→ Problem
Every line from the one holding "A bright flash" through the last line of the records must be retyped exactly, and no other line or picture may appear in the copy.

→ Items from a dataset
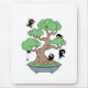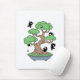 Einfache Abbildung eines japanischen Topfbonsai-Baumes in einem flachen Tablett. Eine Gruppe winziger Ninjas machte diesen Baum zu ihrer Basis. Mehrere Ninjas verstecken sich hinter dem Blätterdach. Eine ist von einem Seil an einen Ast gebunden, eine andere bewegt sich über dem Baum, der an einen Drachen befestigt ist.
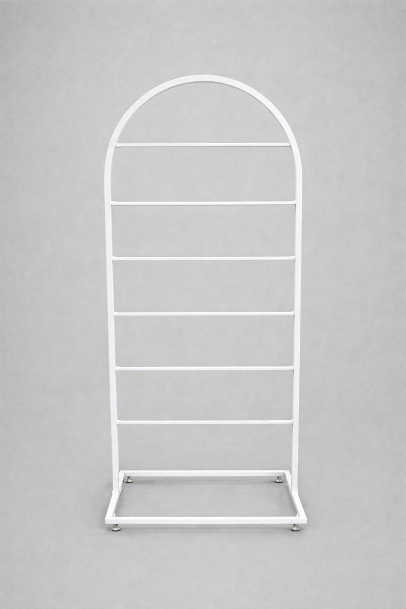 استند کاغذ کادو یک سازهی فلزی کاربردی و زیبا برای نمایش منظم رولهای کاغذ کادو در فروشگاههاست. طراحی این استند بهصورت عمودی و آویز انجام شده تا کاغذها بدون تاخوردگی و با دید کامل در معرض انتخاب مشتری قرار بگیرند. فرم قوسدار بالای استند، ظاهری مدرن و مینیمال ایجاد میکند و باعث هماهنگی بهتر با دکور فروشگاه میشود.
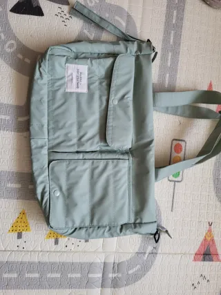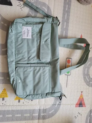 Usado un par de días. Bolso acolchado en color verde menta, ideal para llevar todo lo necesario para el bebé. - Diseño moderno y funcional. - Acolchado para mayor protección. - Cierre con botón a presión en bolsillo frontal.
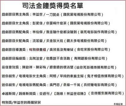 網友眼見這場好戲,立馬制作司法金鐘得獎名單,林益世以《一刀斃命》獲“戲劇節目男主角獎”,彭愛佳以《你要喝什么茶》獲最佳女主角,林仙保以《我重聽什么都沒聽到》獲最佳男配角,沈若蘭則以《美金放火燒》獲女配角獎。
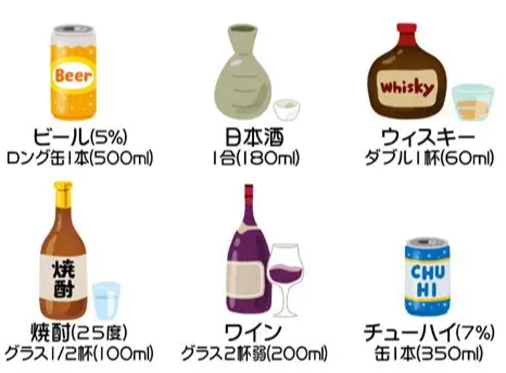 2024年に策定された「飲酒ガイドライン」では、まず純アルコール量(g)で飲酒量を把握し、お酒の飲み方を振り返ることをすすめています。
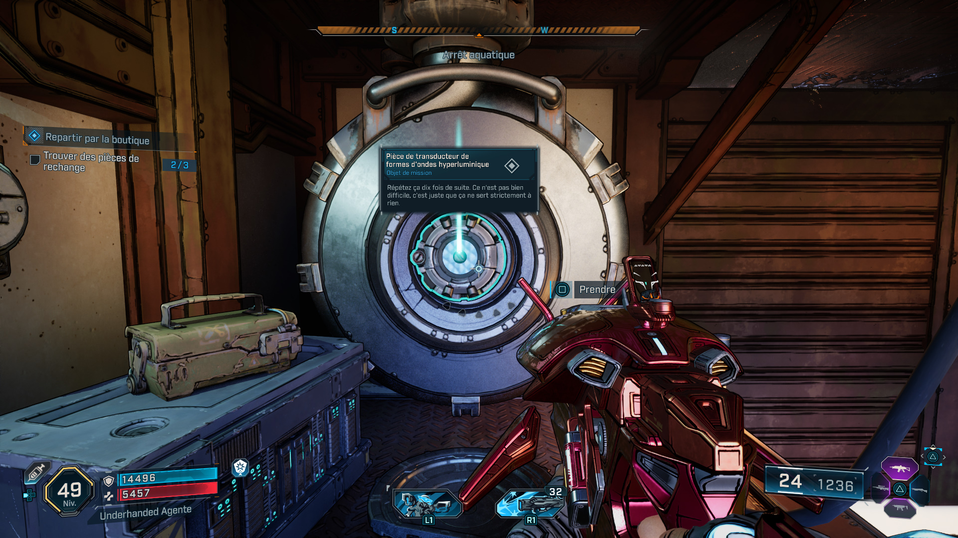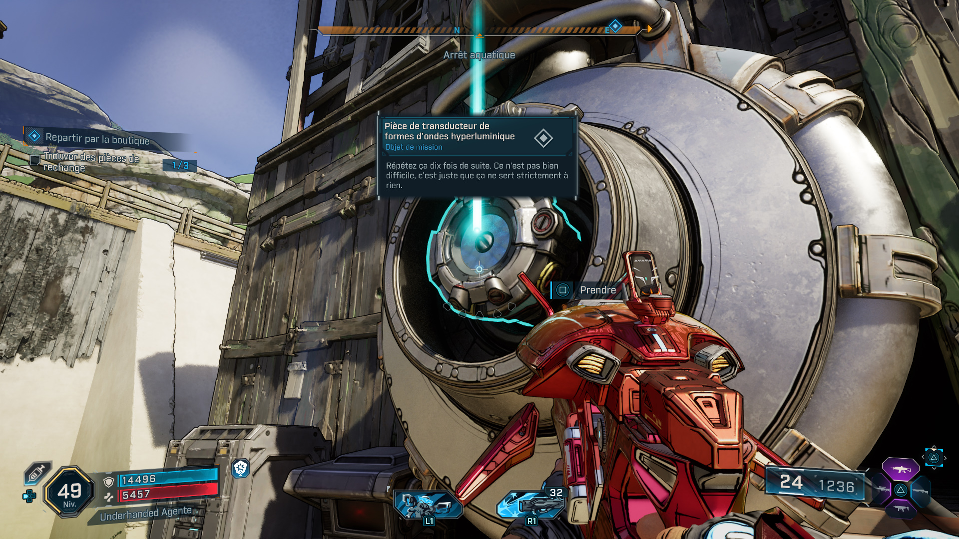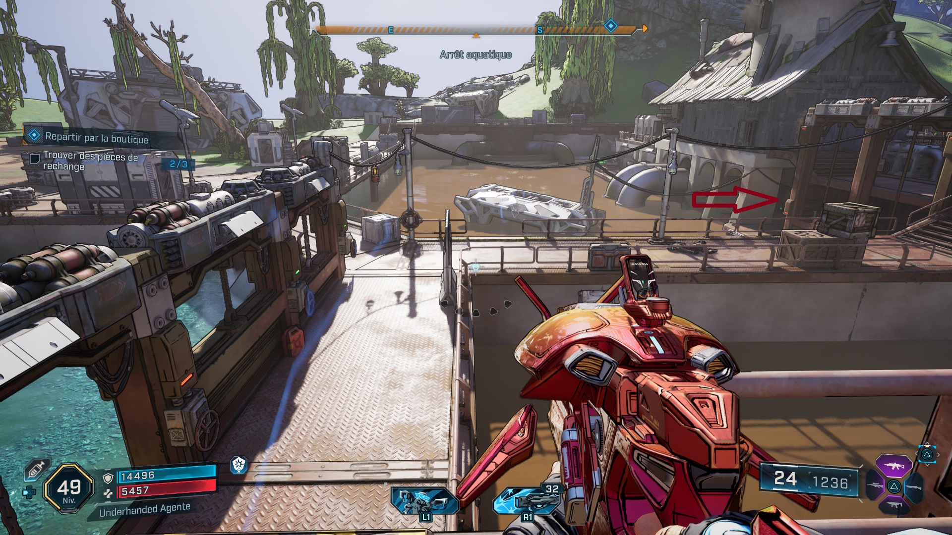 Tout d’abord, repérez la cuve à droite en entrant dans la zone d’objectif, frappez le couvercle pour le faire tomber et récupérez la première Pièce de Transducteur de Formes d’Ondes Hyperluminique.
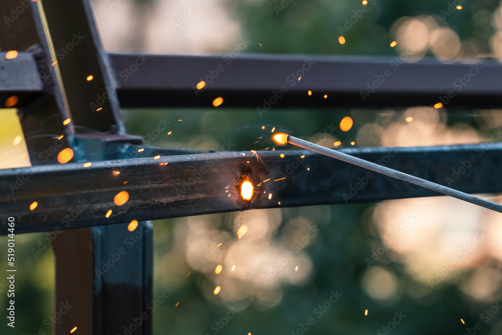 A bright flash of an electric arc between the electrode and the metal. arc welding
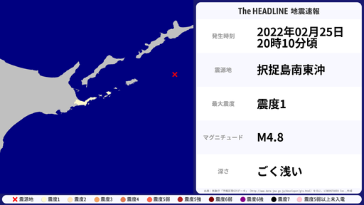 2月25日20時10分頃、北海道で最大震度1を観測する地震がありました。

→ Output for this exercise
 A bright flash of an electric arc between the electrode and the metal. arc welding
 2月25日20時10分頃、北海道で最大震度1を観測する地震がありました。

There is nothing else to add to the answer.